Pioneering psychologist's vision to promote youth mental wellness continues at The Kidman Centre at UTS.
The Kidman Centre at UTS is continuing a legacy created by its founder, the late Professor Antony Kidman, that is making a positive impact on young Australians with mental health issues.
Since it was established over 30 years ago, the centre (previously known as the UTS Health Psychology Unit) remains at the forefront of new treatment methods, broadening its work to transform the lives of children, young adults and their families through innovative research and evidence-based clinical services.

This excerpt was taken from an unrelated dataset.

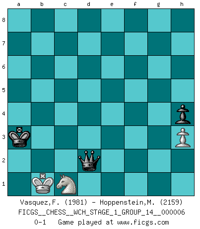 Last move : 0-1 2009 June 20 15:55:54 [Event "FICGS__CHESS__WCH_STAGE_1_GROUP_14__000006"] [Site "FICGS"] [Date "2009.02.03"] [Round "1"] [White "Vasquez,Fernando"] [Black "Hoppenstein,Michael"] [Result "0-1"] [WhiteElo "1981"] [BlackElo "2159"] 1.e4 c5 2.d4 cxd4 3.c3 dxc3 4.Nxc3 Nc6 5.Nf3 e6 6.Bc4 a6 7.O-O Nge7 8.Be3 b5 9.Bd3 Bb7 10.Re1 d6 11.Qb3 Na5 12.Qc2 Rc8 13.b4 Nc4 14.a4 Nxe3 15.Rxe3 Nc6 16.Qb2 Be7 17.axb5 axb5 18.Nd5 O-O 19.Nxe7+ Nxe7 20.h3 Bc6 21.Nd4 Qd7 22.Ra5 Rb8 23.Re1 Rb6 24.Rc1 Rfb8 25.Qa2 h6 26.Ra7 Bb7 27.Rc3 Qd8 28.Qc2 Rc8 29.Rxc8 Qxc8 30.Qxc8+ Nxc8 31.Ra5 e5 32.Nxb5 Ne7 33.Bf1 Kf8 34.f3 f5 35.exf5 Nxf5 36.Ra7 h5 37.Kf2 h4 38.Be2 g6 39.Ra4 Bc6 40.Ra5 d5 41.Na7 Bb7 42.Rb5 Rxb5 43.Nxb5 Ke7 44.Nc3 Nd4 45.Bd3 g5 46.Nd1 Ne6 47.b5 Nc5 48.Be2 d4 49.Ke1 Kd6 50.Nf2 Bc8 51.Nd1 Na4 52.Nf2 Nc3 53.Kd2 Kc5 54.Bd3 Bd7 55.Bf1 Bxb5 56.Bxb5 Nxb5 57.Ne4+ Kc4 58.Nxg5 Nd6 59.Ne6 d3 60.Ng5 Kd4 61.Ne6+ Kd5 62.Nc7+ Kc4 63.Ke3 Nf5+ 64.Kd2 Ng3 65.Ke1 e4 66.fxe4 Nxe4 67.Kd1 Kd4 68.Kc1 Nd6 69.Kd1 Nc4 70.Ke1 Ke4 71.Kd1 Kf4 72.Ke1 Kg3 73.Ne6 d2+ 74.Kd1 Kxg2 75.Nf4+ Kf3 76.Nd3 Ke3 77.Nb4 Nb2+ 78.Kc2 d1Q+ 79.Kxb2 Kd2 80.Ka3 Kc3 81.Na2+ Kc4 82.Kb2 Qd2+ 83.Kb1 Kb3 84.Nc1+ Ka3 0-1 Sicilian : Smith-Morra gambit Kingside Castling by player White (move 7) Kingside Castling by player Black (move 18) 10 pieces endgame at move 58 : White KNPPP , Black KNPPP WHITE : King + 1 Knight 3 Pawns BLACK : King + 1 Knight 3 Pawns 9 pieces endgame at move 66 : White KNPPP , Black KNPP WHITE : King + 1 Knight 3 Pawns BLACK : King + 1 Knight 2 Pawns 8 pieces endgame at move 66 : White KNPP , Black KNPP WHITE : King + 1 Knight 2 Pawns BLACK : King + 1 Knight 2 Pawns 7 pieces endgame at move 74 : White KNP , Black KNPP WHITE : King + 1 Knight 1 Pawn BLACK : King + 1 Knight 2 Pawns Promotion Queen by player Black (move 78) 6 pieces endgame at move 79 : White KNP , Black KQP WHITE : King + 1 Knight 1 Pawn BLACK : King + 1 Queen 1 Pawn Player Black won this chess game. Follow this game move after move (download)Man is a frivolous, a specious creature, and like a Chess player, cares more for the process of attaining his goal than for the goal itself. (Dostoyevsky) Je mehr ich von der FIDE weiss, um so weniger verstehe ich. (Alexander Kalifman) Los finales de Peón son del Ajedrez lo que el cesped es del Golf. (Cecil Purdy) Toute estimation doit être constamment réévaluée. (Jacob Estrin) Tree pose grows confidence. It roots me to this world. (Terri Guillemets)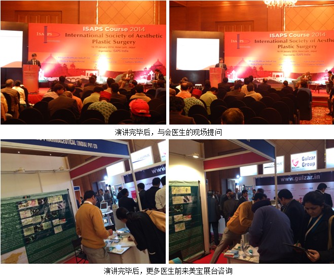 2014年1月16日-19日,2014年國(guó)際美容整形會(huì)議在印度賈普爾舉辦,會(huì)議由泰國(guó)整形外科醫(yī)生協(xié)會(huì)、印度美容整形外科醫(yī)生協(xié)會(huì)及印度整形外科醫(yī)生協(xié)會(huì)主辦。會(huì)議吸引了來自美國(guó)、希臘、德國(guó)、瑞士、土耳其、泰國(guó)、日本等國(guó)家和地區(qū)的二十多名國(guó)際專家以及近300名來自印度國(guó)內(nèi)的整形外科醫(yī)生參會(huì)。大會(huì)正式日程持續(xù)三天,主要分成皮膚還童、眶周還童、鼻部整形、乳房整形、塑形、植發(fā)、去脂等主題進(jìn)行。

Tony Kidman was a big advocate of having no child fall through the cracks, and we’ve maintained that vision today.
“Our research is very much about testing new treatments and programs,” says The Kidman Centre's Director Dr Rachael Murrihy. “We keep our eyes on the mental health landscape and target the gaps.” The centre also works closely with the UTS Graduate School of Health to provide internships and training to develop the next generation of clinical psychologists.

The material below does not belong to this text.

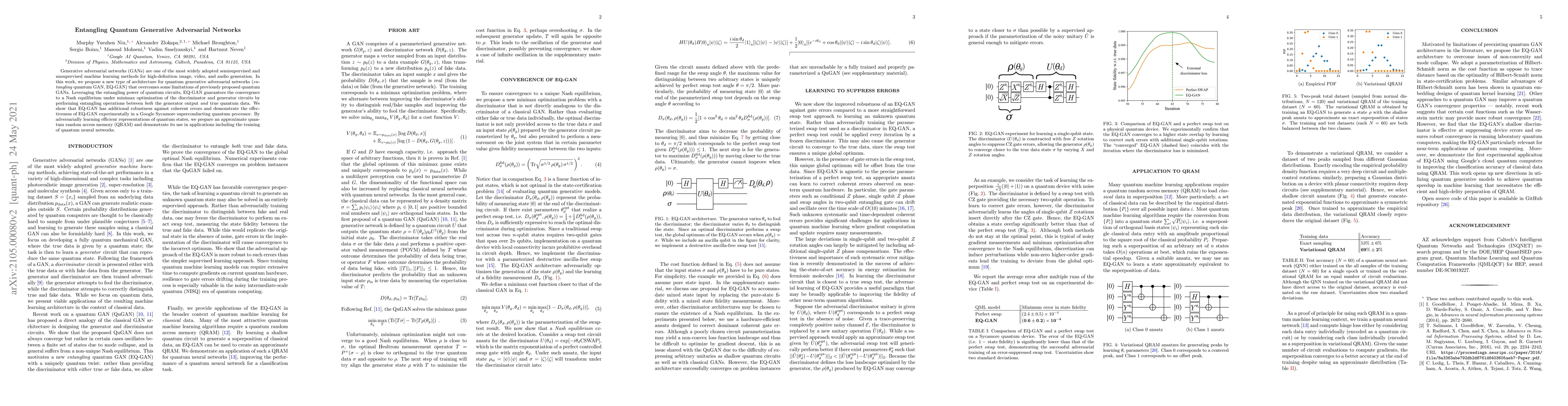 Generative adversarial networks (GANs) are one of the most widely adopted semisupervised and unsupervised machine learning methods for high-definition image, video, and audio generation. In this work, we propose a new type of architecture for quantum generative adversarial networks (entangling quantum GAN, EQ-GAN) that overcomes some limitations of previously proposed quantum GANs. Leveraging the entangling power of quantum circuits, EQ-GAN guarantees the convergence to a Nash equilibrium under minimax optimization of the discriminator and generator circuits by performing entangling operations between both the generator output and true quantum data. We show that EQ-GAN has additional robustness against coherent errors and demonstrate the effectiveness of EQ-GAN experimentally in a Google Sycamore superconducting quantum processor. By adversarially learning efficient representations of quantum states, we prepare an approximate quantum random access memory (QRAM) and demonstrate its use in applications including the training of quantum neural networks.

Since Professor Kidman’s passing in 2014, the centre’s services have expanded to include a range of prevention initiatives for emerging issues, including talks at Sydney schools on bullying and managing HSC stress. Dr Murrihy says Professor Kidman’s ideals are still very much at the heart of the centre’s focus. “We wanted to help young people get through their formative years without struggling.”
Professor Kidman was a pioneer who brought cognitive behaviour therapy, now commonly practised throughout the world, to Australia during the 1980s. He became aware of the importance of early intervention for children in 2000. “Research was showing that 75 per cent of mental health problems onset before the age of 25,” Dr Murrihy explains. It led to a focus on treating youth that the centre is renowned for today.
The centre’s projects include Side by Side, a landmark trial for seven to 14-year-olds with disruptive behaviour issues – a major indicator of future mental health problems. The program focuses on Collaborative and Proactive Solutions (CPS), a new therapy from Harvard Medical School, which provides therapists with a range of additional treatment options.
This new approach is likely to be welcomed by the 20 to 40 per cent of families receiving parent management training (regarded as the current ‘gold standard’ in treatment), who say they struggle to find satisfactory improvement with current approaches, and have few alternatives left. With the trial now past the halfway mark, the results are encouraging: “We’ve had feedback from families who have said this literally has changed their world.”
In 2018, the centre will launch the Thrive Project, which seeks to address the higher risk of mental illness and suicide faced by children in regional, rural and remote New South Wales. Several generous donors, including wellness brand Swisse, are funding the first year of the three-year project, which will provide CPS training to teachers at 192 schools and reach 12,000 students.
Developing an effective delivery method that doesn’t involve establishing clinics was paramount. “People are worried about their privacy,” Dr Murrihy says. Having teachers coach strategies to all students in a school setting overcomes the visibility and stigma associated with seeking treatment in small communities.
Thanks to donors, many of whom have contributed since the centre’s establishment, Dr Murrihy and her team are able to care for all youth, including those from disadvantaged families or with severe issues. She believes there’s a real problem in Australia where kids simply miss out. “Tony Kidman was a big advocate of having no child fall through the cracks, and we’ve maintained that vision today.”